Percentage of Receivables

This method works by looking at the aging schedule for receivables, including those that are due but not yet late. For example, the receivables that are not late but not yet paid can have a low percentage for the particular bucket. Each successive and later bucket of unpaid receivables would require a higher percentage estimated as uncollectible.

Second Step: Journal entries are notated by entering the bad debt expense as a debit and the allowance for doubtful accounts as a credit.

Third Step: After an account is considered permanently uncollectible, the last two entries are as follows:

Description Debit Credit
Bad Debt Expense $250  
Allowance for Doubtful Accounts   $250
Description Debit Credit
Allowance for Doubtful Accounts $250  
Accounts Receivable – ABC Business   $250

Conclusion: The Importance of Calculating Bad Debt Expense

When it comes to determining a company’s results, it is required in their financial statements.
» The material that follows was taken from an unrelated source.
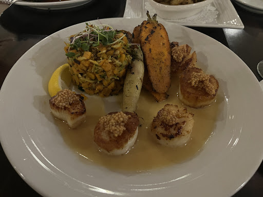When we arrived, we were led to our table promptly, even though we were early for our reservation. Our kind server, Kayla, immediately took our drink orders and started us with some warm bread and butter. We enjoyed it while sipping on our drinks and looking at the menu. The menu was large, but not overwhelming. We each ordered our food. We ordered crab cakes and lobster bisque as an appetizer. I ordered the scallops with sweet potato & brussels sprout hash. My husband ordered the ribeye with Korean barbecue brussels sprouts and potatoes au gratin. We also ordered a side of brown butter sage gnocchi.

If a company does not include this information, their assets could be inflated, potentially leading to overstating their net income. Calculating bad debt expense also helps companies determine which customers have defaulted on past bills, while at the same time highlighting customers that pay on time.

When it comes to accounting for bad debt expense, businesses that are experts at the two methods can effectively navigate the needs of internal and external audiences.